Monday, September 26, 2005

Weird Watches?

I should go to an old-timey jeweler to get the truth about this story. I think I should already know the answer to my question. But I don't. So I think maybe it's a family trick my dead relatives are playing on me.

A month and some ago I had the fortune of meeting my best friend in Tulsa, OK after a nine-year separation from her. She knew I was preparing to interview for jobs, and noted the ugly (but I love it!) Timex sport watch I got for $7.99 at Target about the minute I came back to the States from the UK.

Whatta bah-gin!, I thought when I saw the watch at Target. That was way back in the other millenium, in 1997.

Dearest Friend had already advised me to get my hair cut and colored. I readily acquiesced to that and was excited at the prospect; alas, local traditional scheduling problems did not allow hair transformation to transpire. But when DF asked, on top of the hair, "Do you perhaps own a grown-up watch that you can wear to your interviews?" I was shocked. I'm so oblivious to my appearance that the watch subject never even occurred to me.
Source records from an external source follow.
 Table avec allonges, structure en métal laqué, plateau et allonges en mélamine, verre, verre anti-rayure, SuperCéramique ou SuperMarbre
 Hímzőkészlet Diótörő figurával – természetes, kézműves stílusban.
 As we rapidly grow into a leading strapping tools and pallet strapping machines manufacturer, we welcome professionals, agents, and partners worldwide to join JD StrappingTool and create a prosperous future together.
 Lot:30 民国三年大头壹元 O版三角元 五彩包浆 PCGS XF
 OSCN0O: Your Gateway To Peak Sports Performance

God! Do I actually have to pay attention to my watch??!! That blissfully cheap watch has been part of me--despite some summer sweat allergic reactions--throughout the entire lifetime of one of my children. Victoriously long lived for a cheap cheap cheap watch. You mean I have to give up my thumb-my-nose-to-everybody how cheap it is and still works watch?
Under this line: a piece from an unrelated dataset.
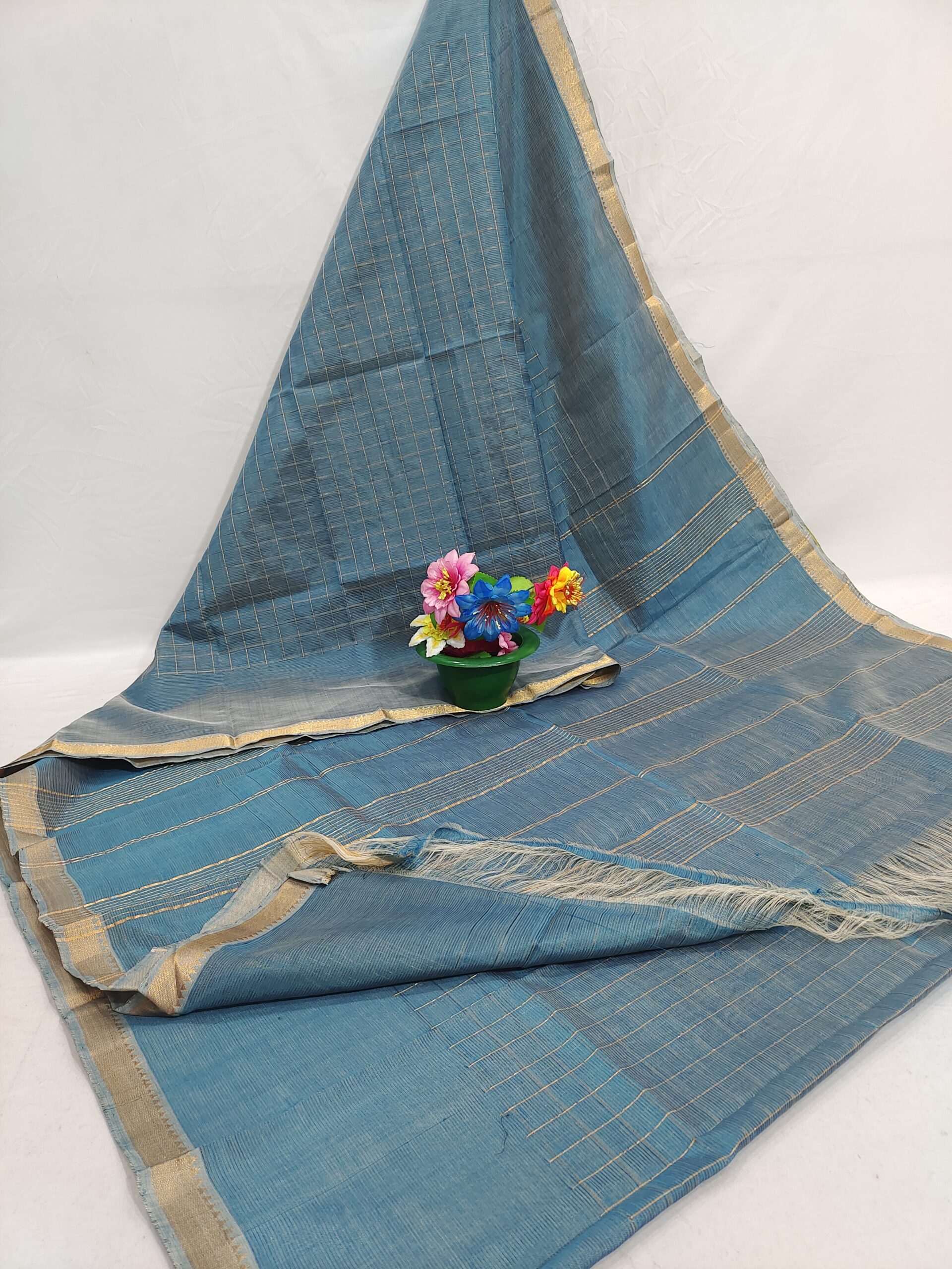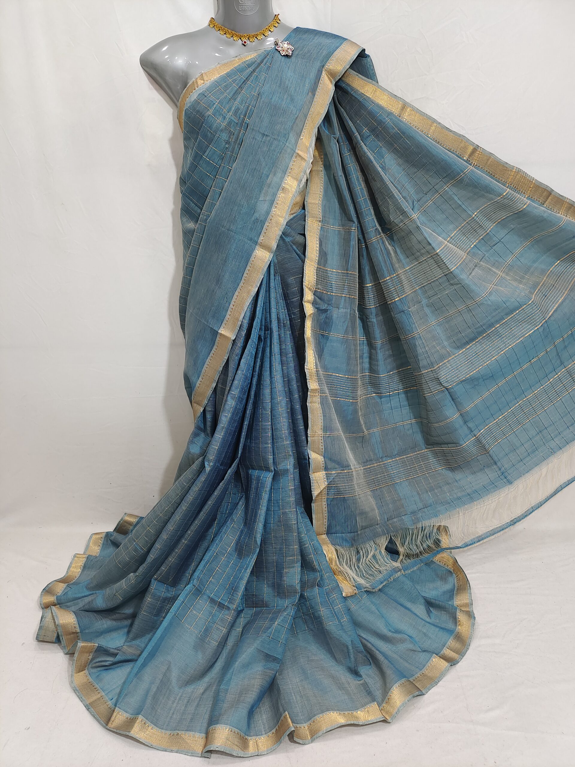 Mangalagiri Pattu Zari Border Middle Zari Check Sarees

Soon as I returned home from Tulsa, I went on a watch watch. Now before I say what I'm going to say, you must understand that I had a lot of only-child or old-old lady relatives who left non-valuable things to me. Much of the stuff is awful (actually, offal); the best composes a group of watches. I kept only the ones that meant most and seemed the most promising for repair.

Miss only-one-watch thought she might have rediscovered a goldmine. Kinda like a pile of mice to a cat.
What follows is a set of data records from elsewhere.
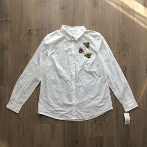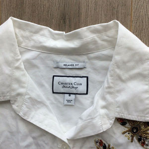 Three charming little bees are beautifully embellished into the front of this crisp cotton shirt from Charter Club.
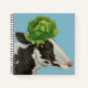 black and white cow with cabbage hat
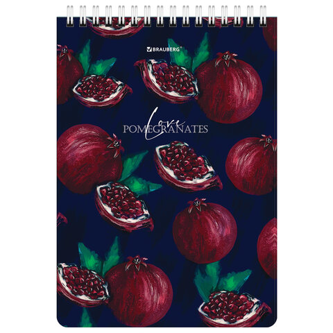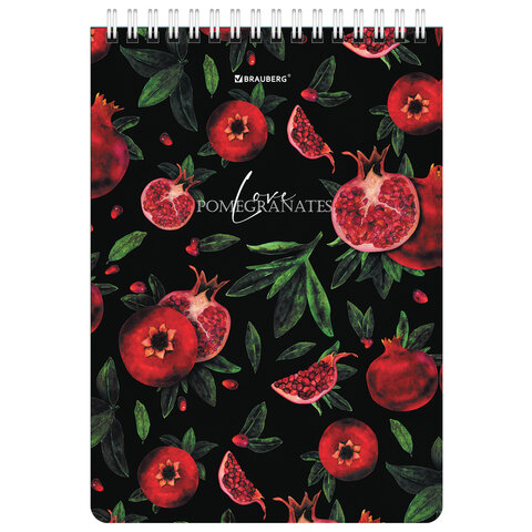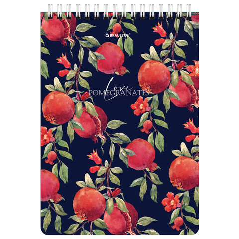 ----Блокнот А5, 146х206 мм, 60 л., гребень, картон, жесткая подложка, клетка, BRAUBERG, "Гранаты", 114366

I scoured the interesting remainders, thinking perhaps something would be there that could easily be fixed and put to use for upcoming interviews. Suitable candidates included two watches from two different grandmothers, one formal, one casual. Neither of them was in functional order.

Holding both of them in one hand, I noticed that both of them had stopped at the same time: 12:15. Intrigue. I hadn't touched them since I got them. Why would they both have stopped at 12:15? Was I just imagining things? Or was I just stressed, about the job interviews, and other impending family disasters?

Then I looked at three other non-running watches, originally my own. One I'd taken to England with me in 1996, a serious cheapie. The others were Wal-Mart watches. Yeah, more cheapies. (Aww, leave me alone.) They, too, all read 12:15! And another thing that really bothered me about these was that I had just taken two of them in to have the batteries replaced, yet they had already stopped!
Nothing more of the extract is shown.